START Dataset section

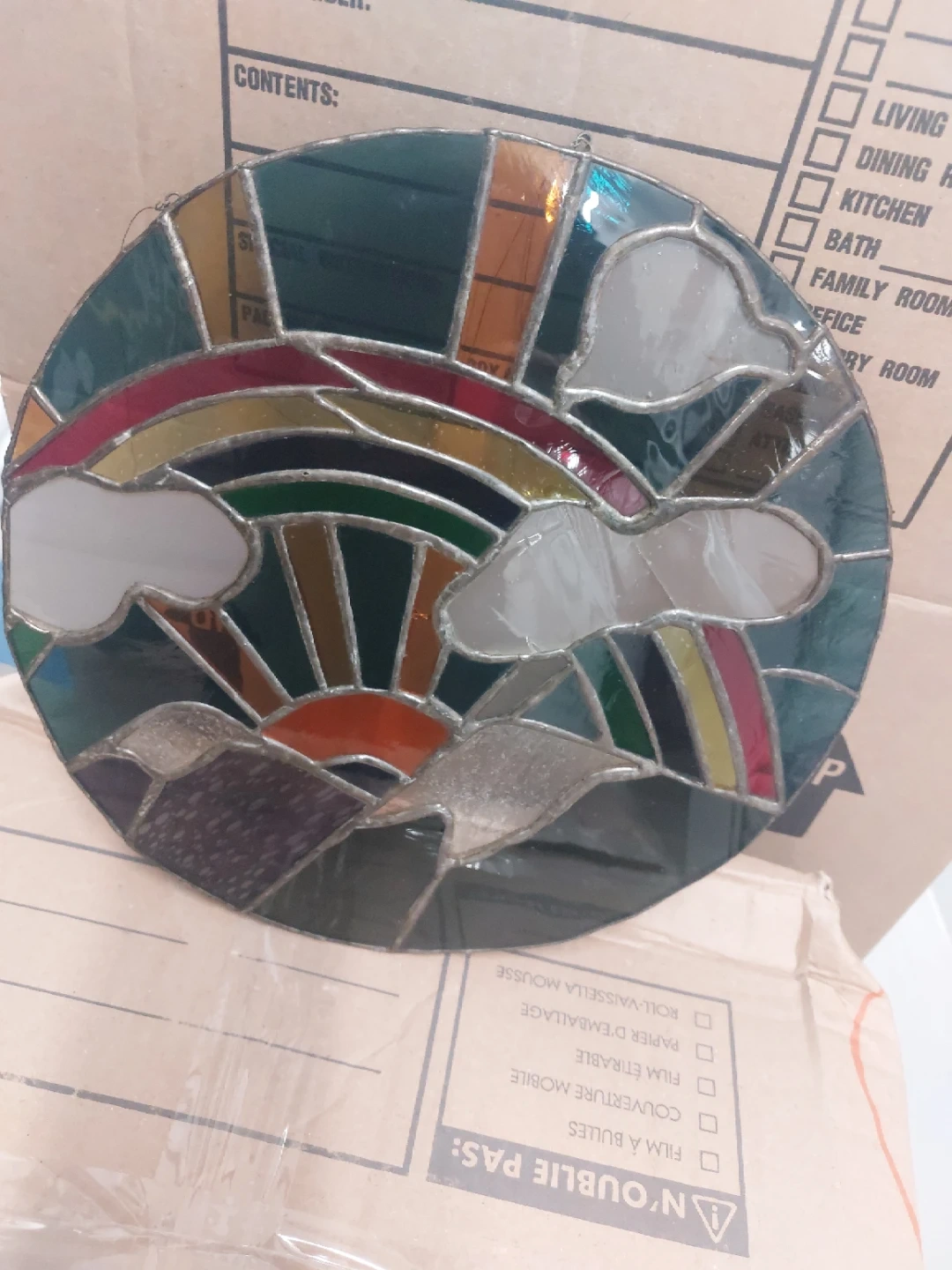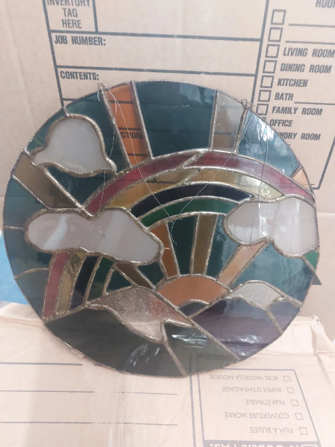 Buy & SellStained Glass Rainbow Window HangingStained Glass Rainbow Window Hanging$22This is a beautiful stained glass window hanging featuring a rainbow, clouds, and mountains. It's perfect for adding a touch of whimsy to any room!ConditionLike newWHERE TO MEET200 Fairbank AveView MapSELLERverifiedzekiCastlefield Design District17711 reviews0 chats·3 favorites·16 viewsSEND CHAT TO SELLERHi zeki! I’m interested in your listing.Hi zeki! I’m interested in your listing.Get the Karrot app to chatSign In to chat
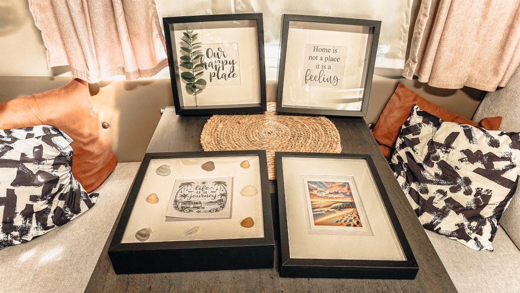 Gerade weil nichts fest montiert ist, bleibt man flexibel. Ein Motiv gefällt nicht mehr? Einfach austauschen. Neue Lieblingsstücke gefunden? Direkt integrieren. Genau diese Freiheit macht es für uns zur perfekten Lösung für Deko im Camper.
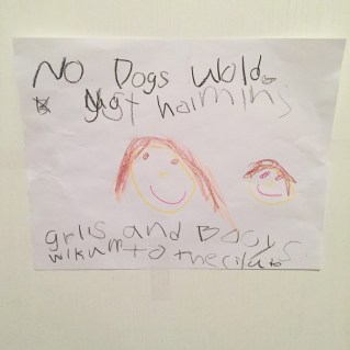 Izzie made this for her door- “No dogs allowed, only humans. Girls and boys welcome to the club”

END Dataset section

== Exercise aim ==
In your copy, restate the data above word for word but leave out any picture.

== Reply ==
 Buy & SellStained Glass Rainbow Window HangingStained Glass Rainbow Window Hanging$22This is a beautiful stained glass window hanging featuring a rainbow, clouds, and mountains. It's perfect for adding a touch of whimsy to any room!ConditionLike newWHERE TO MEET200 Fairbank AveView MapSELLERverifiedzekiCastlefield Design District17711 reviews0 chats·3 favorites·16 viewsSEND CHAT TO SELLERHi zeki! I’m interested in your listing.Hi zeki! I’m interested in your listing.Get the Karrot app to chatSign In to chat
 Gerade weil nichts fest montiert ist, bleibt man flexibel. Ein Motiv gefällt nicht mehr? Einfach austauschen. Neue Lieblingsstücke gefunden? Direkt integrieren. Genau diese Freiheit macht es für uns zur perfekten Lösung für Deko im Camper.
 Izzie made this for her door- “No dogs allowed, only humans. Girls and boys welcome to the club”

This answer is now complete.